Although Orientale feels like she did almost everything right, she muses that she should have met the landlord at the new apartment, not hers, when she signed the lease, to make sure the keys worked. More than that, she shouldn't have paid the rent until the first of the month.
In the time since she had discovered the locked apartment, Orientale's life erupted in chaos. She had told her old landlord that she couldn't move out in February—she had nowhere to go and had lost a lot of money—and he took her to court. Even though a judge had granted her several more weeks in her old place, she was overwhelmed with anxiety.
When she ran out of time, she had no choice but to pack all of her belongings into boxes, lug out her furniture, and haul it to an expensive storage locker while she checked herself and her two kids into a motel. She still hadn't found a new place to live.
What really sets Orientale's situation apart is that it actually has a rather bizarre "happy" ending.
Orientale went to the police to report the landlord after discovering the scam, but it ultimately wasn't the cops who got her money back. It was actually the landlord himself.
Several weeks after the incident, he texted Orientale to say that he was sorry and that he had scammed her and the others because he had been desperate for money. He planned on selling the condo and, once he had the cash from the sale, he would pay back what he owed her. He also sent the number of his attorney.
Orientale was stunned. She had no idea why he had been so frenzied for cash (though she suspected drugs) or what had made him decide to fess up. Maybe he grew a conscience, she thought, maybe the cops had contacted him.

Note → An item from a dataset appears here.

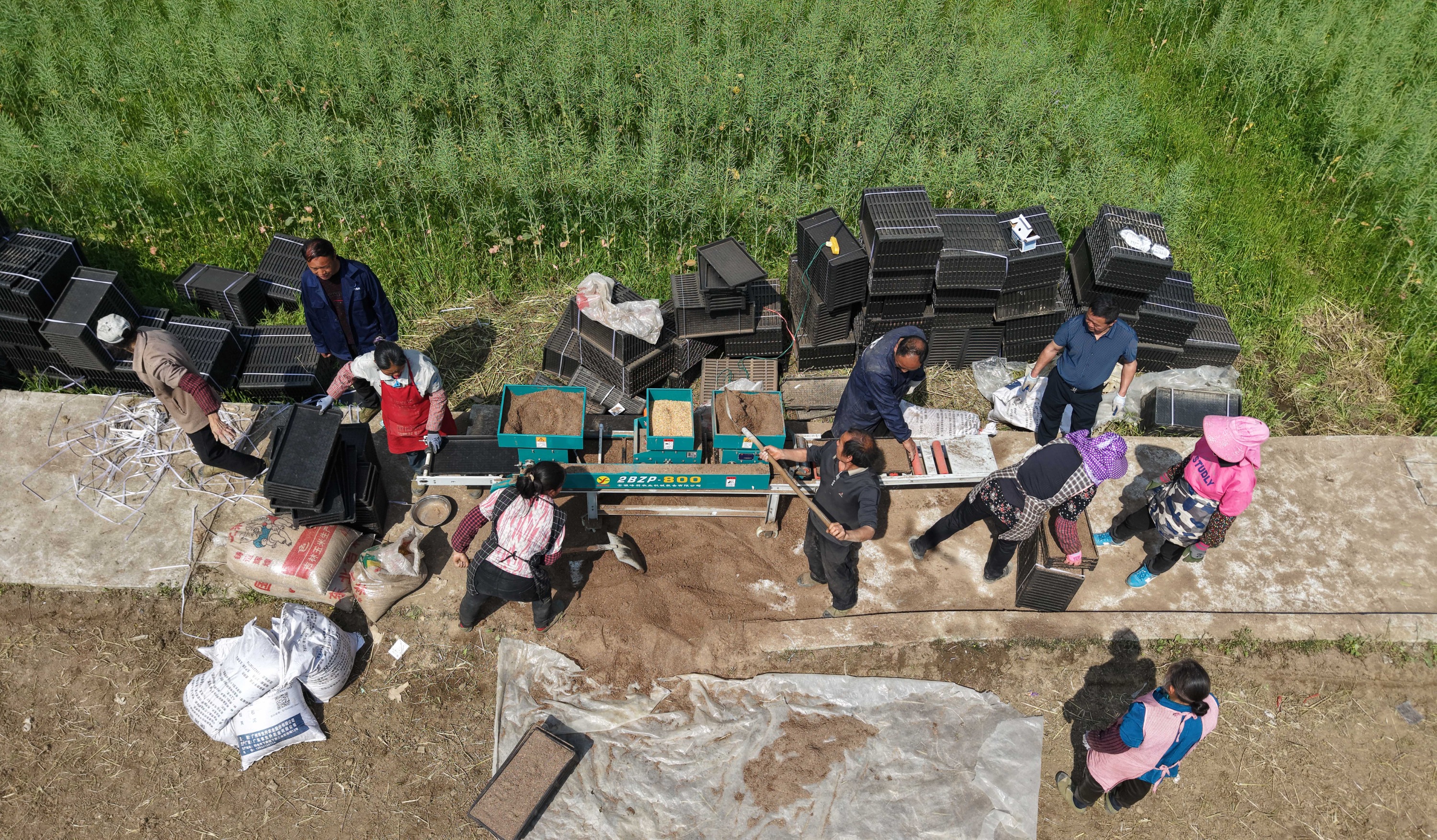 4月7日,村民在道真自治县河口镇梅江村水稻种植基地用育苗播种机播种。(无人机照片)
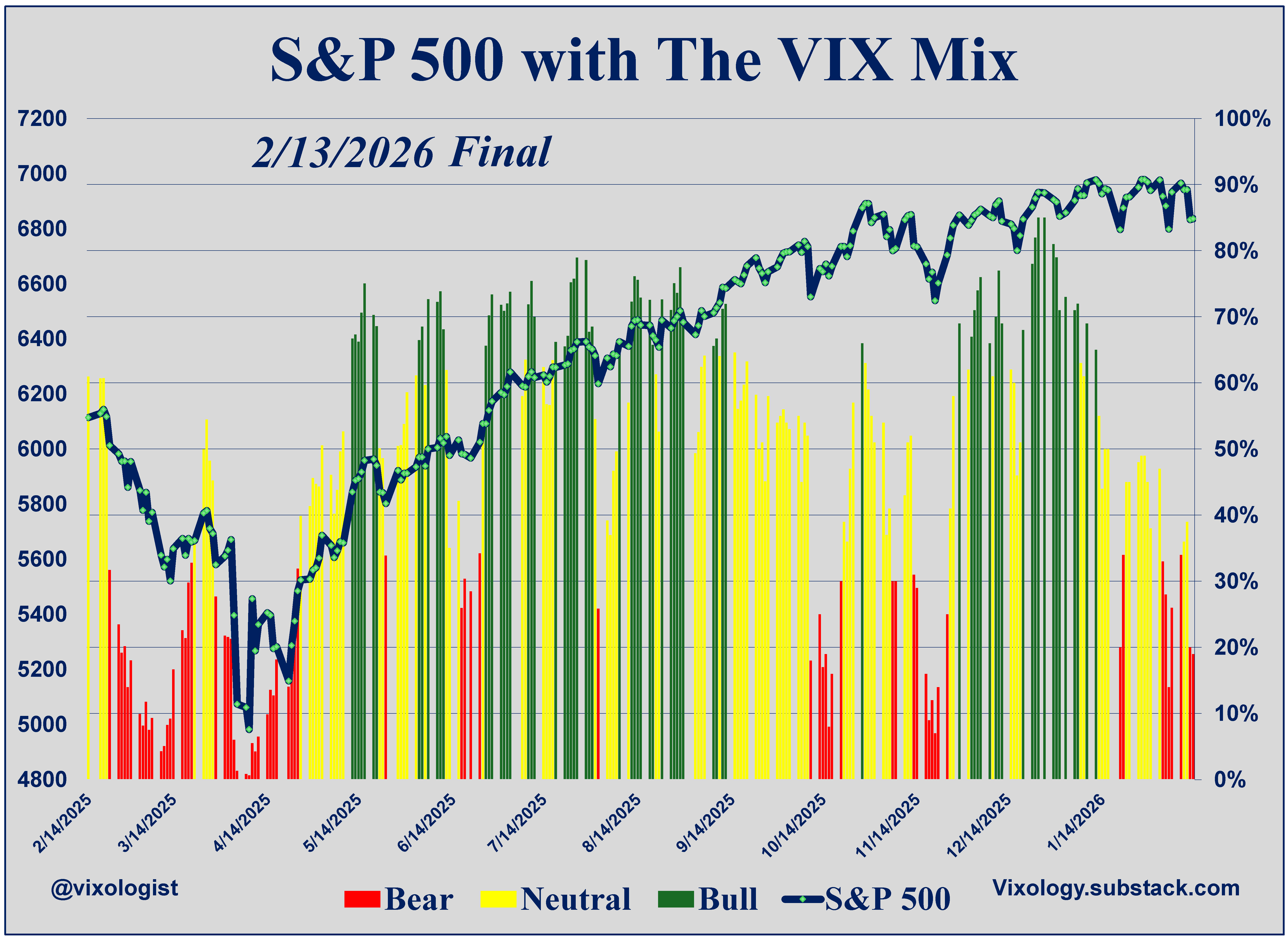Even as the Dow and S&P500 have put in new all-time highs in 2026, the Mix has been trending lower and it’s been a month (23 trading days) since the chart below has shown a green bar.

She reached out to the man's attorney and when they met up he gave her back the $2,000 that her scammy would-have-been landlord had taken—plus an extra $500 for her suffering. Ultimately, that fee didn't nearly cover the cost of the motel and the storage locker, not to mention the emotional trauma, she says.
But Orientale did eventually find a new apartment. It's nice, but not as cheap as the condo she had thought would be hers. And she still shudders when she thinks back on the whole situation.
"It was horrible. Really, really horrible," she says. "But I hope this story can help someone else to be very wary when using Craigslist."